- [EXERCISE OBJECTIVE]
Could you print exactly the lines from the one that contains "- George, F.;" to the end of the data, both ends included, and nothing else? Skip the pictures.

- [INPUT DATA]

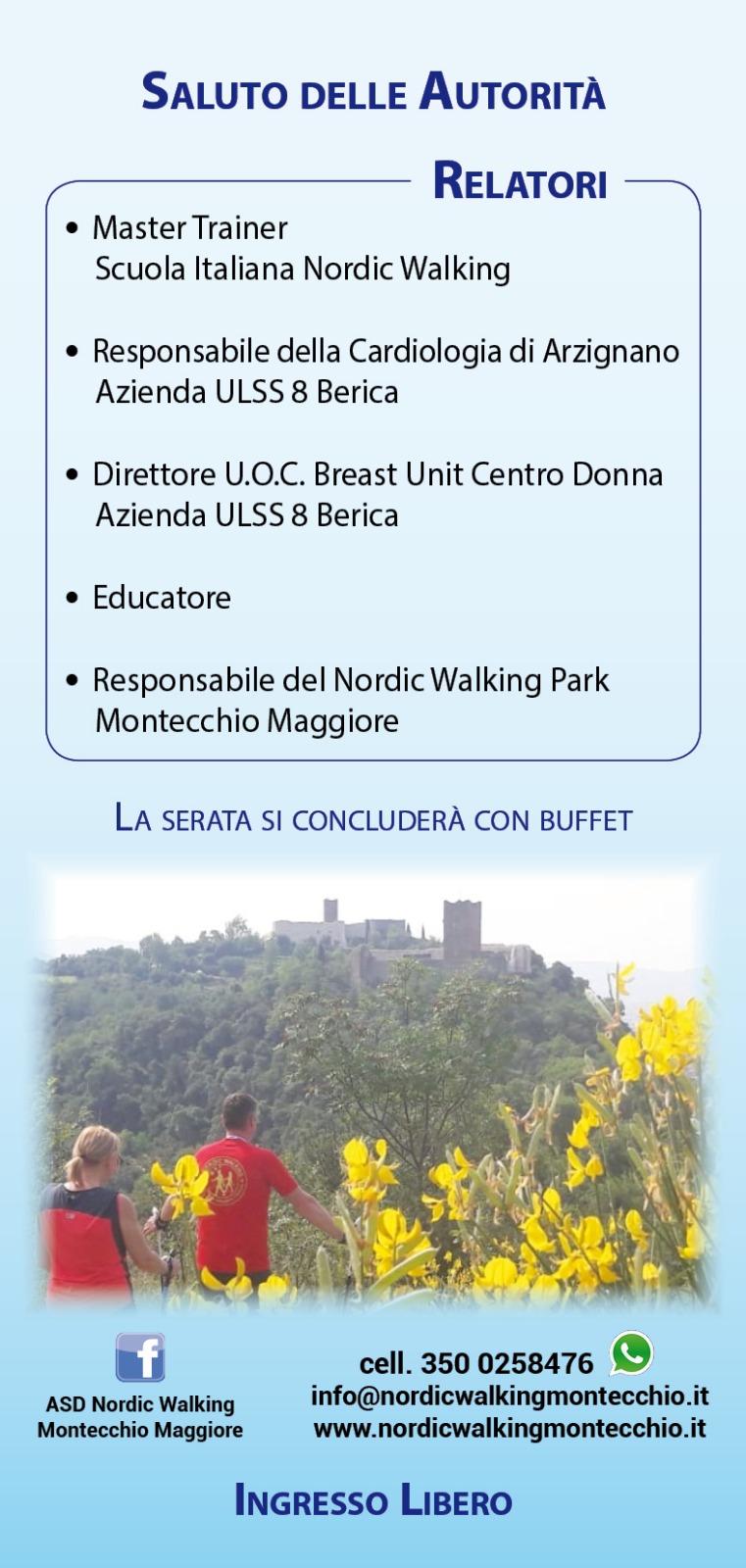 Venerdì 29 marzo alle ore 20:30 presso la Sala Civica Corte delle Filande di Montecchio Maggiore, l’ associazione sportiva dilettantistica Nordic Walking con sede a Montecchio Maggiore in collaborazione con A.N.D.O.S e ULSS 8 Berica, con il patrocinio del comune di Montecchio Maggiore, organizza un’interessante serata aperta liberamente alla cittadinanza con l’intenzione di promuovere questa disciplina sportiva, sempre più apprezzata, salutare e socializzante e per offrire anche qualcosa in più a tutti i camminatori. I benefici di una passeggiata con i bastoncini sono molteplici: la camminata permette l’abbassamento della pressione arteriosa, mantiene il cuore in salute, rilassa corpo e mente, aiuta a perdere peso ed è salutare e anti stress. La serata sarà moderata dalla giornalista Antonella Fadda e interverranno diversi relatori.
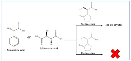 - George, F.; Norberg, B.; Robeyns, K.; Wouters, J.; Leyssens, T. Peculiar Case of Levetiracetam and Etiracetam α-Ketoglutaric Acid Cocrystals: Obtaining a Stable Conglomerate of Etiracetam. Cryst. Growth Des. 2016, 16, 5273–5282. [Google Scholar] [CrossRef]
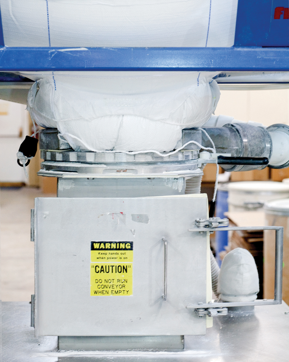 Previously, raw talc was shipped directly from the mine to a contract manufacturer where it was blended with glitter and fragrance, loaded into bulk bags and shipped. Once at Delagar, the pre-blended material was discharged by a bulk bag unloader into a 15 ft (4.5 m) long flexible screw conveyor that fed a packaging line.
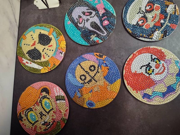 8 Diamond art horror movie coasters. All have been sealed and have a cork backing and holder. 4 inches each.

- [RESULT FOR THIS TASK]
 - George, F.; Norberg, B.; Robeyns, K.; Wouters, J.; Leyssens, T. Peculiar Case of Levetiracetam and Etiracetam α-Ketoglutaric Acid Cocrystals: Obtaining a Stable Conglomerate of Etiracetam. Cryst. Growth Des. 2016, 16, 5273–5282. [Google Scholar] [CrossRef]
 Previously, raw talc was shipped directly from the mine to a contract manufacturer where it was blended with glitter and fragrance, loaded into bulk bags and shipped. Once at Delagar, the pre-blended material was discharged by a bulk bag unloader into a 15 ft (4.5 m) long flexible screw conveyor that fed a packaging line.
 8 Diamond art horror movie coasters. All have been sealed and have a cork backing and holder. 4 inches each.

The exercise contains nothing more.